Roster Preview: Sacramento River Cats

Winning is a way of life in Sacramento, and that doesn't figure to change in 2006. The Sacramento River Cats boast a major league caliber starting rotation and should have some offensive firepower to back-up their solid pitching. We detail the River Cats' Opening Day roster inside…


Since the Vancouver Canadians moved to Sacramento and became the River Cats in 2000, the A's AAA affiliate has been a model of consistency. With the exception of the 2002 campaign, Sacramento has made the playoffs every year. They won back-to-back championships in 2003 and 2004 and had a stellar season in 2005. Manager Tony DeFrancesco leads a veteran coaching staff that has a reputation for being one of the best in the PCL. DeFrancesco is beginning his 13th season as a manager in the A's organization and he was the PCL "Manager of the Year" and The Sporting News "Minor League Manager of the Year" in 2003, a season where the River Cats went 92-52 before winning the championship.
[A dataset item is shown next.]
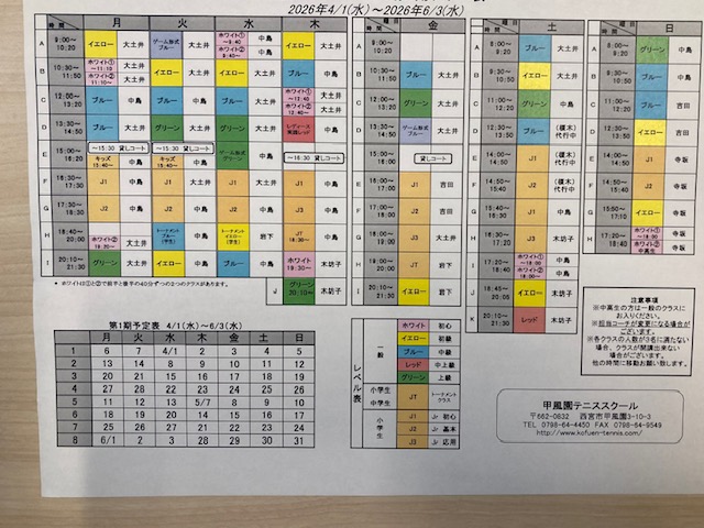 2026年1期クラス表
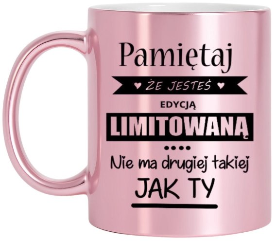 Kubek różowy metalik prezent dla dziewczyny koleżanki żony na różne okazje

The River Cats have had a history of great pitching. Future Oakland stars Barry Zito, Rich Harden, Joe Blanton, Huston Street and Justin Duchscherer were all River Cats, as were future major league hurlers Aaron Harang, Chad Harville, Mike Wood, Luis Vizcaino and Justin Lehr. That tradition of pitching excellence figures to continue into 2006, as the River Cats will feature a pitching staff that rivals some of major league baseball's lesser staffs.

The Starting Rotation:

The starting rotation will be headed by a mix of pitchers with significant major league experience and promising prospects. Chad Gaudin, Juan Dominguez and Brad Halsey have all spent significant time in a major league rotation and all three could easily be fifth starters on a number of major league ballclubs. (Halsey is beginning the year in Oakland because the A's needed an extra pitcher in the event of a rainout this week, but he is expected to spend most of this season in the River Cats' rotation.)Newly acquired right-hander Kazuhito Tadano has spent time in the starting rotation and in the bullpen during his career, and he may see time in both this season for Sacramento. Tadano has 15 major league appearances under his belt. The other two starters are arguably the two most talented hurlers on the staff, Shane Komine and Dan Meyer.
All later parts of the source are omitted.